→ **Exercise**: With the pictures left out, copy the listing below exactly.

→ **Dataset extract**:
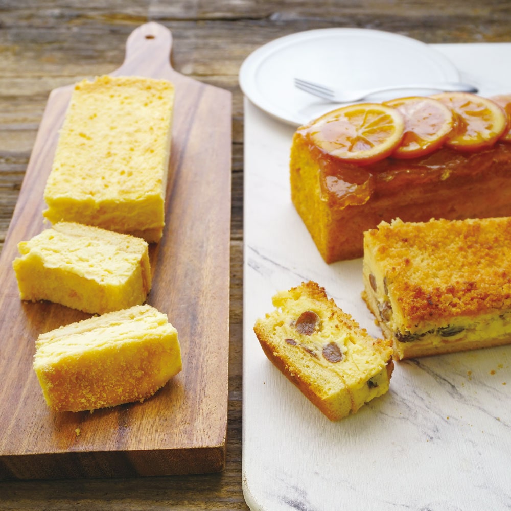 人気のプレミアムチーズケーキ、ゴーダ・マリボー・レッドチェダー等を使用した濃厚フォルマッジ、しっとり焼き上げたオレンジケーキのセットです。
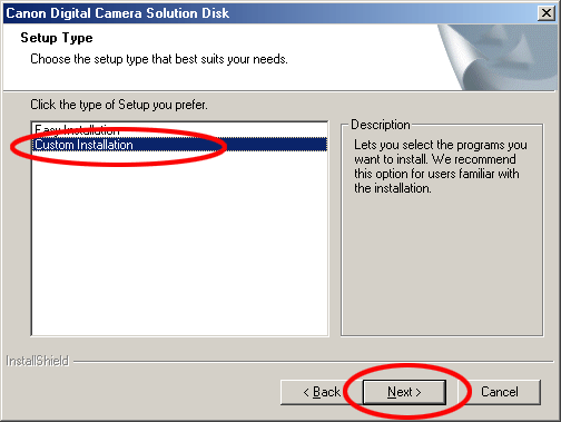 選擇[自訂安裝(Custom Installation)],然後按一下[下一步(Next)]。
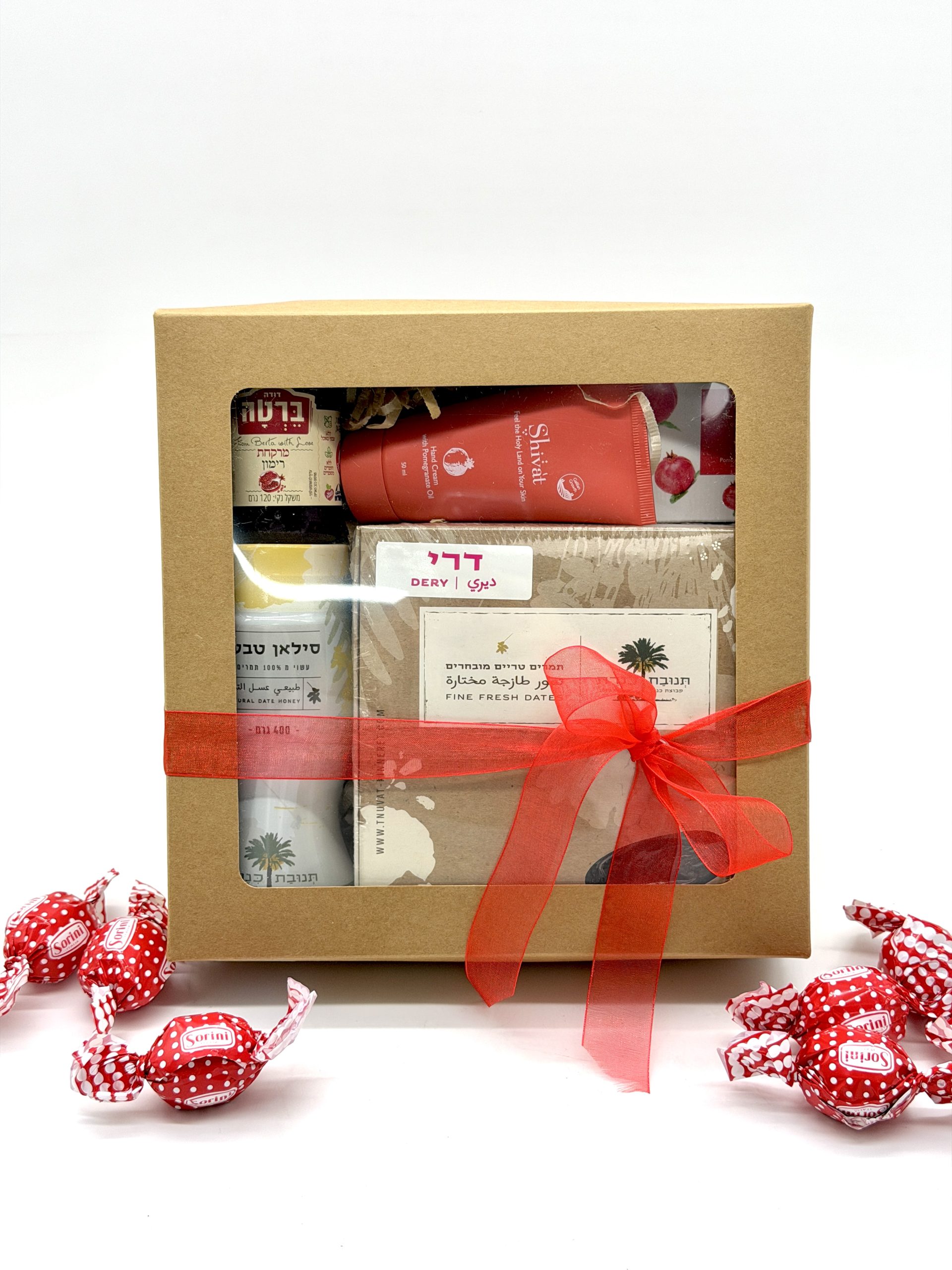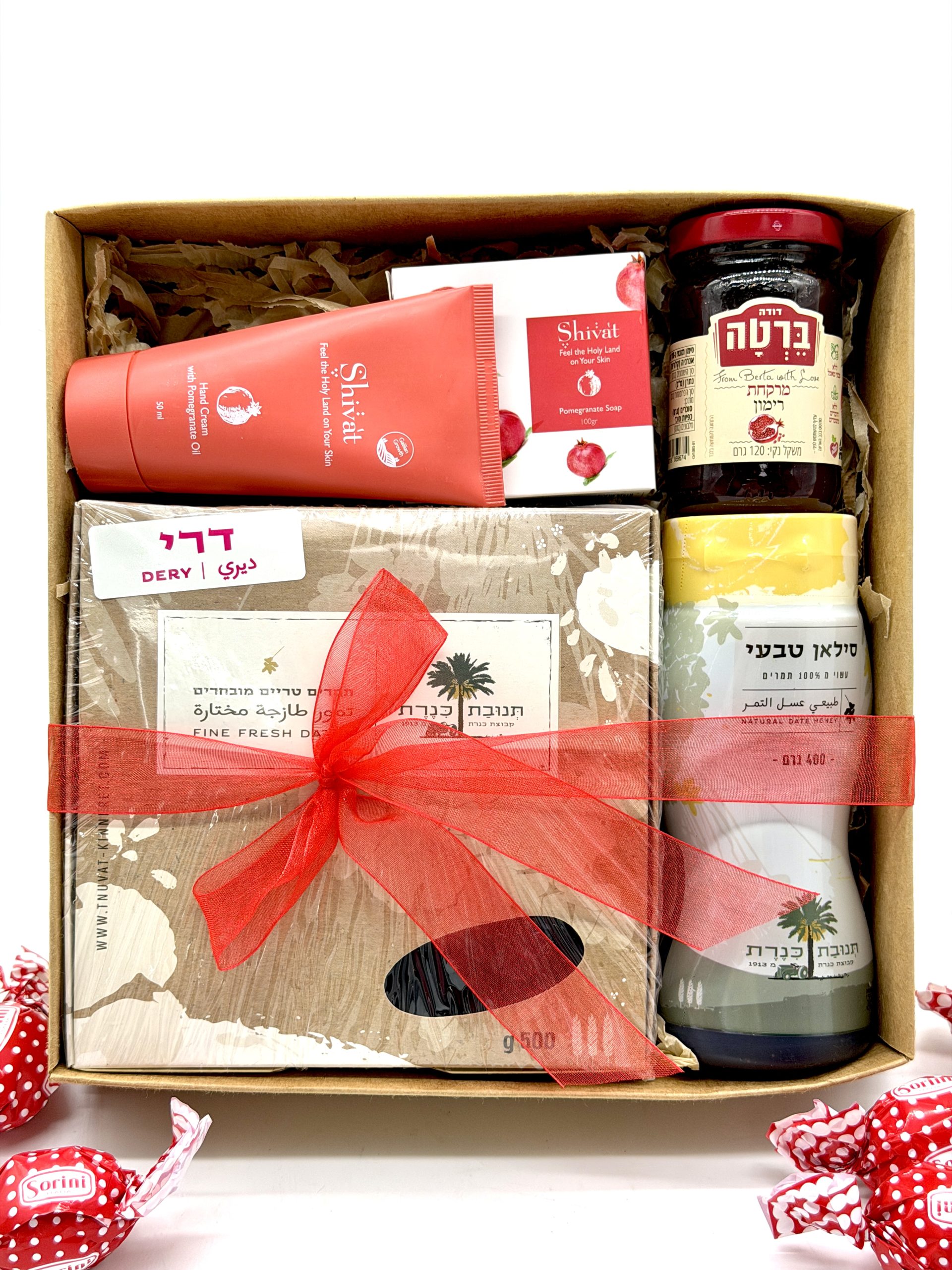מארז ייחודי מתוצרת מקומית הכולל תמרי דרי, סילאן, מרקחת רימון ומוצרי טיפוח טבעיים.
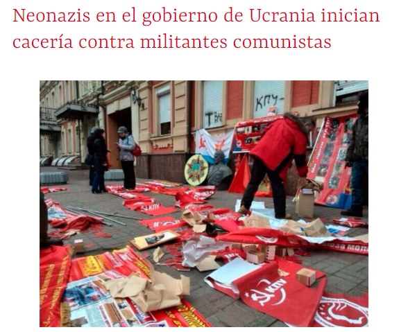 Hay imágenes al alcance de cualquiera de una mujer embarazada estrangulada por los nazis con un cable de teléfono mientras el resto de manifestantes gritaban “muerte a los rusos”.
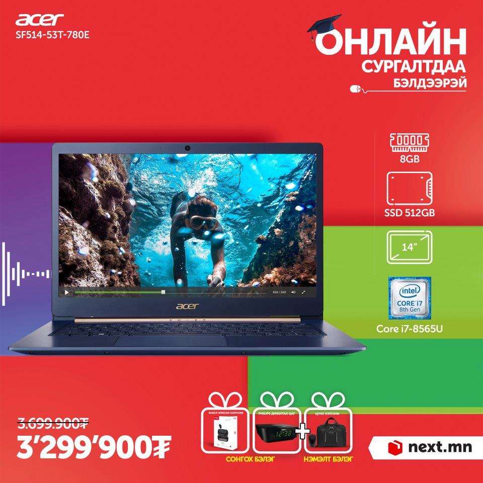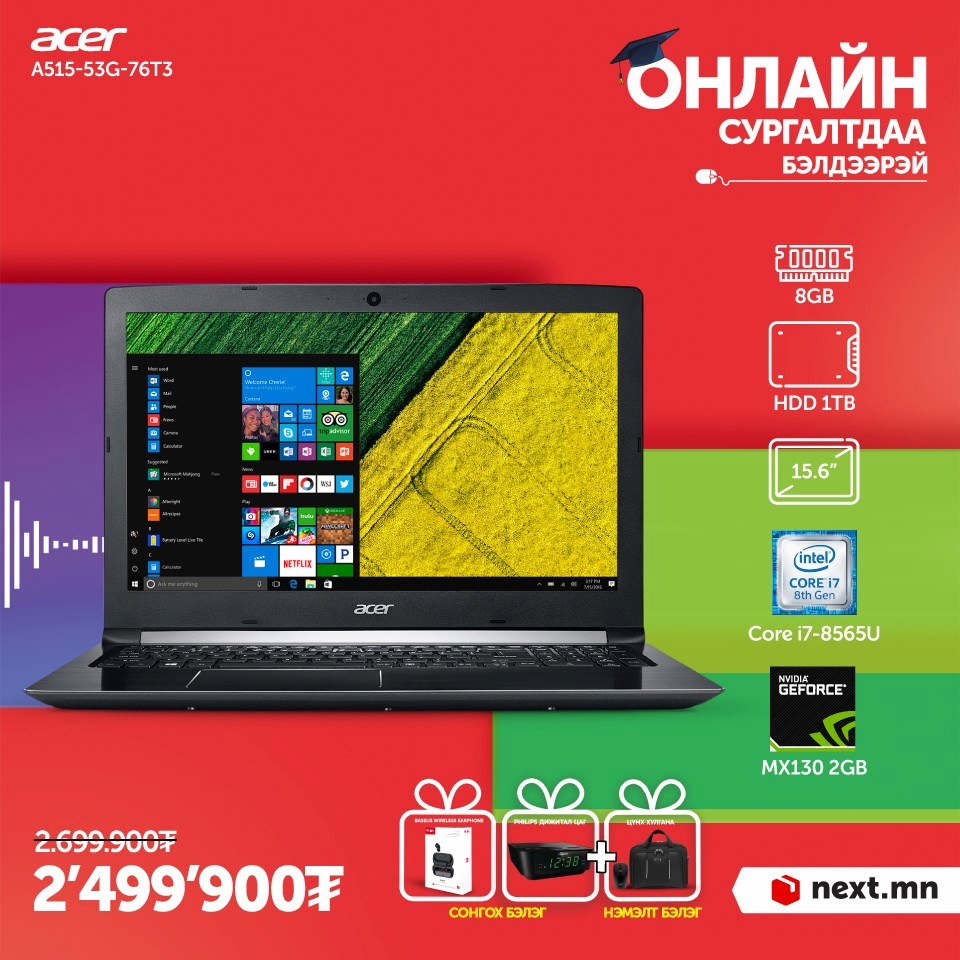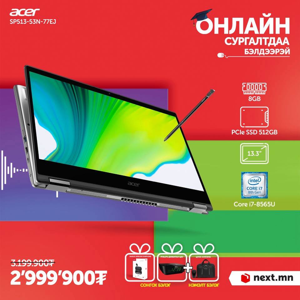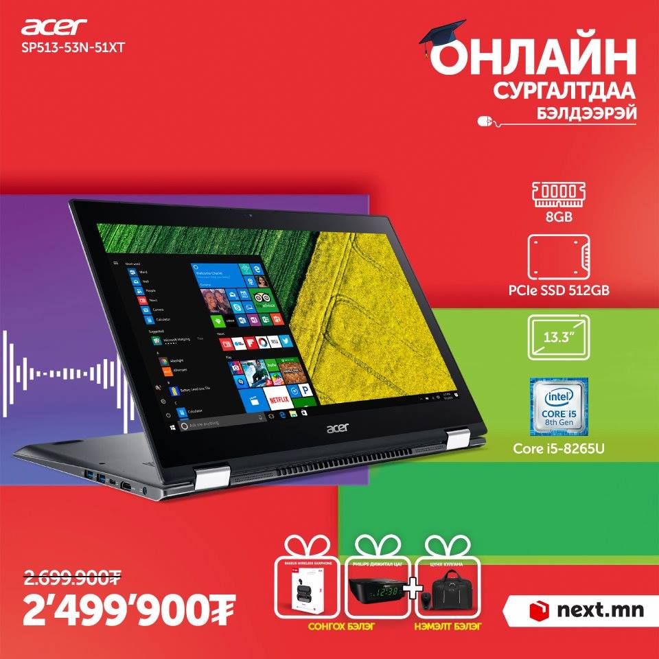 Та Next.mn сайтаас эсвэл Улаанбаатар хотын аль ч салбарт очоод Laptop авсан хэрэглэгч бүрд цүнх, mouse-г дагалдуулан бэлэглэж байна. Мөн Acer laptop, өнгөт принтэр, монитор авсан хэрэглэгч бүрдээ Bluetooth чихэв, дижитал радио цагнаас сонгож авах боломжийг олгож байна.

→ **The completed task**:
 人気のプレミアムチーズケーキ、ゴーダ・マリボー・レッドチェダー等を使用した濃厚フォルマッジ、しっとり焼き上げたオレンジケーキのセットです。
 選擇[自訂安裝(Custom Installation)],然後按一下[下一步(Next)]。
מארז ייחודי מתוצרת מקומית הכולל תמרי דרי, סילאן, מרקחת רימון ומוצרי טיפוח טבעיים.
 Hay imágenes al alcance de cualquiera de una mujer embarazada estrangulada por los nazis con un cable de teléfono mientras el resto de manifestantes gritaban “muerte a los rusos”.
 Та Next.mn сайтаас эсвэл Улаанбаатар хотын аль ч салбарт очоод Laptop авсан хэрэглэгч бүрд цүнх, mouse-г дагалдуулан бэлэглэж байна. Мөн Acer laptop, өнгөт принтэр, монитор авсан хэрэглэгч бүрдээ Bluetooth чихэв, дижитал радио цагнаас сонгож авах боломжийг олгож байна.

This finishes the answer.